Die Erkundung von Ordnung (Gesetzen)

stellte immer schon die eigentliche Aufgabe der Erkenntnis dar. Dagegen wurde der Zufall lange Zeit als so störend und überflüssig empfunden, dass man seine Existenz überhaupt in Zweifel zog, und zwar gleich auf doppelte Weise. Beispielsweise konnte man mit Voltaire der Meinung sein, dass er lediglich unser vorläufiges Nichtwissen bezeichne. Diese Meinung kann sich auf handfeste Argumente stützen, denn unendlich vieles, was unseren Vorfahren noch als bloßer Zufall erschien, zum Beispiel Choleraepidemien oder Mondfinsternisse, hat die moderne Wissenschaft inzwischen von ganz bestimmten Ursachen ableiten und somit als gesetzhaft erklären können. Der Schluss lag daher nahe, den Zufall generell als bloße Lücke menschlicher Erkenntnis zu deuten. In dem Maße wie der Fortschritt der Wissenschaften diese Lücke mit Wissen füllt, würden wir ihn daher beseitigen und am Ende überall nur noch gesetzhafte Ordnung erkennen.

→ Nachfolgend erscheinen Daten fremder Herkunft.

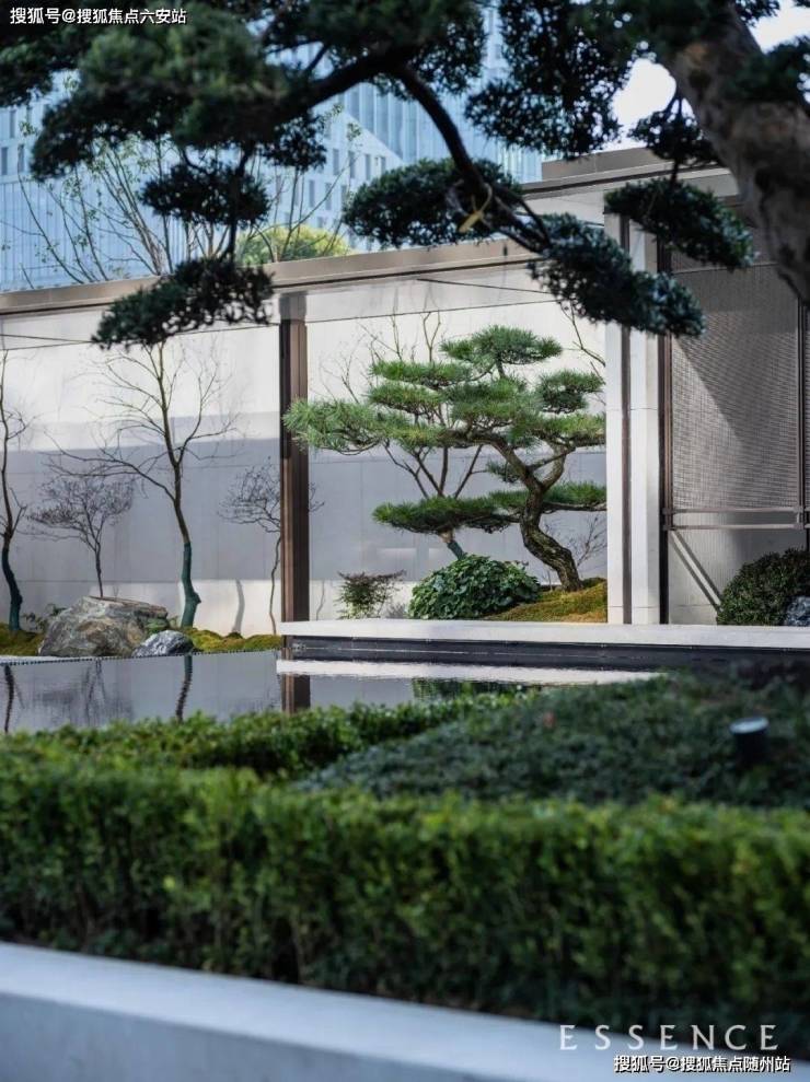 社区园林以现代手法诠释传统山水美学,打造步移景异、富有禅意与层次感的景观空间。

Das jedenfalls war die Meinung von Baruch de Spinoza ebenso wie von dessen großem Bewunderer, Albert Einstein, der die eigene Ablehnung des Zufalls bekanntlich in ein berühmtes Diktum gekleidet hat. „Gott würfelt nicht“, sagte Einstein. Mit anderen Worten, Gott schaffe nur Ordnung, denn Ordnung erschließt sich der Vernunft, ist rational. Dagegen haftet dem Zufall der Ruch des Wertlosen, des Irrationalen an. Zweifellos schwingt in seiner Herabsetzung die Vorstellung mit, dass uns hier etwas ganz Unbrauchbares und Überflüssiges begegnet.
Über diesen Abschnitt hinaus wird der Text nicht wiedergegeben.